**Sorry this is so long, but I just had to express myself today. Even if it's lousy, it felt good to write it.
So ends another day of TAKSfest 2005. I have now rested for my requisite two hours of recovery time and am at last able to consider rehashing my day for your reading pleasure. My beagle is howling relentlessly outside my window and I am blissfully full of homemade pizza and beer. I think I can now cope with my day of disturbing events. Wait…must go get beagle. No one can think, much less write, amid such cacophony.
(pause)
My day dawned misty and gray as I…forget all that. It’s TAKS Reading, my test. Math was yesterday, but this is one I teach. I pulled all the kids from both classes whose ability to bomb the test and ruin me was higher than the other kids’ into my classroom and packed ‘em in like sausages. I carefully separated desks and strategically placed kids facing walls, near me, away from the door, apart from other kids, in front of the color purple and behind an easel, respectively. (I aim to meet all testing styles. That’s just how flexible I am. Heh.)

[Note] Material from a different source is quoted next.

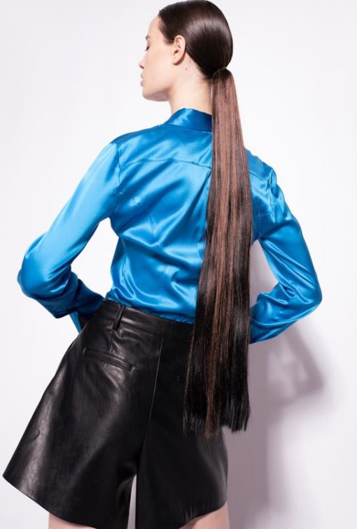 chemise ajustée en satin de soie extensible. col classique, manches longues avec revers et ourlet incurvé plus long devant que derrière. fermeture boutonnée sur le devant. – le mannequin mesure 177 cm et porte une taille 40.

At last, we got past the excitement of new seats and crusty sausage biscuits from the cafeteria and began The Test. I read my obligatory robotic speech directly from the TAKS Manual and tried to convey the gravity of this situation to the kids by placing emphasis on specific words without deviating one letter from the booklet. [“You MAY take NOTES if you should CHOOSE to in the booklet.”] They began and I relaxed. I paced the room to make sure everyone was on the right page and then I settled in to read my book. Or so I planned.
That was approximately the time at which the bathroom/food syndromes simultaneously began. Little did I know I was not to sit down for the next 4 hours. It turns out that a passage about Vietnamese holidays might not be as intriguing to ten year olds as you’d think.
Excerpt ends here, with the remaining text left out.